Figure 4. Schematic diagram of Q-Learning path planning method.

FIGURE 5

Figure 5. Schematic diagram of the neural network approximation function structure.

FIGURE 6

Figure 6. Structure of DDPG network algorithm.

Construction and Monitoring of Simulation Environment

The simulation environment mainly uses the multimedia framework pyglet under Python to design the interactive applications as the simulation platform. A 200^*200-pixel static environment is built in the experiment. In the environment, the mobile robot is no longer a particle but is represented by a blue circle of 10^*10 size. The green circle S represents the starting coordinate. The pixel coordinate of the starting position is (5, 5). The purple circle represents the target position and the five black areas of different sizes in the figure are the positions of obstacles. The white area indicates that there are no obstacles in the map, in which the robot can move freely. Since the robot has size in the real world when the boundary of the mobile robot is in contact with the boundary of the obstacle area, it is considered to have collided, and after the collision, it is considered to have failed and is returned to the starting position. The state of the experiment is represented by the rasterized state.

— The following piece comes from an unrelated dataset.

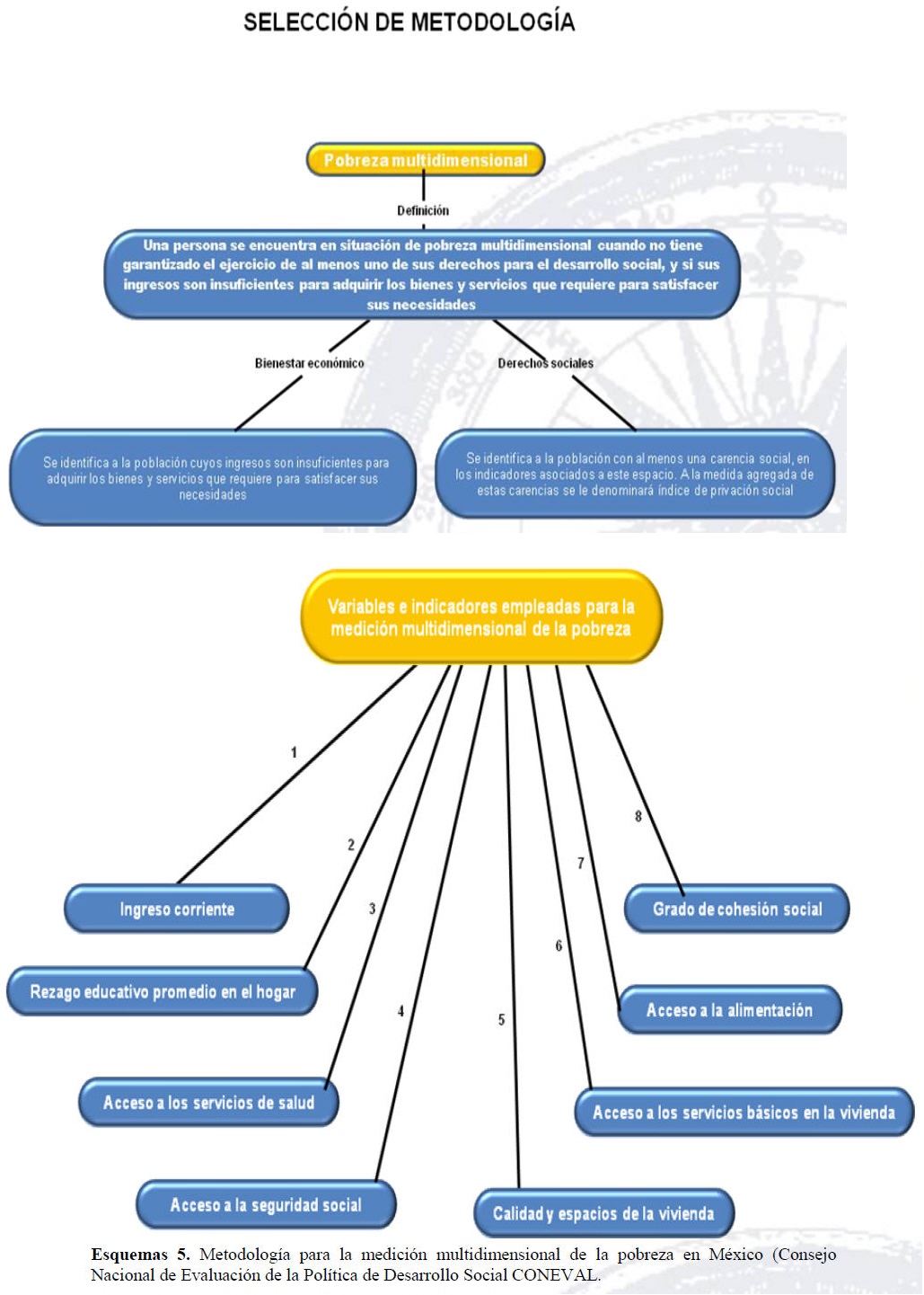 El estudio titulado "Medición de la Pobreza" es un documento básico que establece y cuantifica los tres niveles de pobreza que puede padecer la población en nuestro país, estados y municipios. Así la pobreza de patrimonio, de capacidades y alimentaria son las tres formas de pobreza que caracteriza el documento, las cuales son observadas y cuantificadas a nivel nacional por la CONEVAL y que han contribuido a la definición de polígonos de pobreza a nivel federal (ver figura 1) y a nivel municipal (ver figura 2); mientras que a nivel Estatal la delimitación de áreas de pobreza se ha definido por los datos del ingreso económico (ver figura 3).

The detection mainly uses the summary.value.add () function in TensorFlow to add variables to the monitoring log. The changes in training process data can be viewed through TensorFlow. After learning, the neural network parameters are saved by using the tf.train.Saver () function and the neural network is reloaded and run again to indicate the effect after the learning is completed. The experimental results show that the mobile robot can avoid dynamic obstacles in time and find an optimal path to reach the target position after avoiding the dynamic obstacles. In the experiment, the copy network value function, the average number of steps used to reach the target position, and the average cumulative reward of the copy network are saved. At the end of the learning and training process, the changing process of the three data can be viewed through TensorBoard.

Results and Discussions

Experimental Results of Different Path Planning Algorithms of Mobile Robot

Figure 7 shows the experimental results of the path planning of mobile robot under different algorithms. As shown in Figure 7, under the same starting and ending conditions, all algorithms can effectively avoid obstacles. Comparing Figures 7A,B, it was found that in the traditional Q-Learning and A3C algorithms, the reinforcement learning algorithm effectively reduces the number of path steps. Comparing Figures 7A,C, it was found that the introduction of a neural network algorithm based on the traditional Q-Learning algorithm can greatly reduce the number of paths and achieve the same effect as the reinforcement learning algorithm. Comparing Figures 7C,D, it was found that the introduction of the force field based on the neural network has greatly accelerated the running speed of the algorithm, causing a significant reduction in the number of steps. Although the algorithm can effectively avoid obstacles, it has taken many useless paths. Therefore, the DDQN algorithm of Q value accumulation was added. As shown in Figure 7E, the algorithm can effectively utilize the neural network to learn and achieve the minimum number of steps. Compared to the DQN algorithm, the running speed of DDQN was improved and compared to the PDQN algorithm, the DDQN can find the optimal path. As shown in Figure 7F, a reinforcement learning algorithm was added based on the neural network. It was found that compared to the DDQN algorithm, it runs faster and has an optimal path. According to the above results, the fusion algorithm using a neural network and reinforcement learning has better performance in the path experiment.

FIGURE 7

Figure 7. Experimental results of different path planning algorithms of mobile robot.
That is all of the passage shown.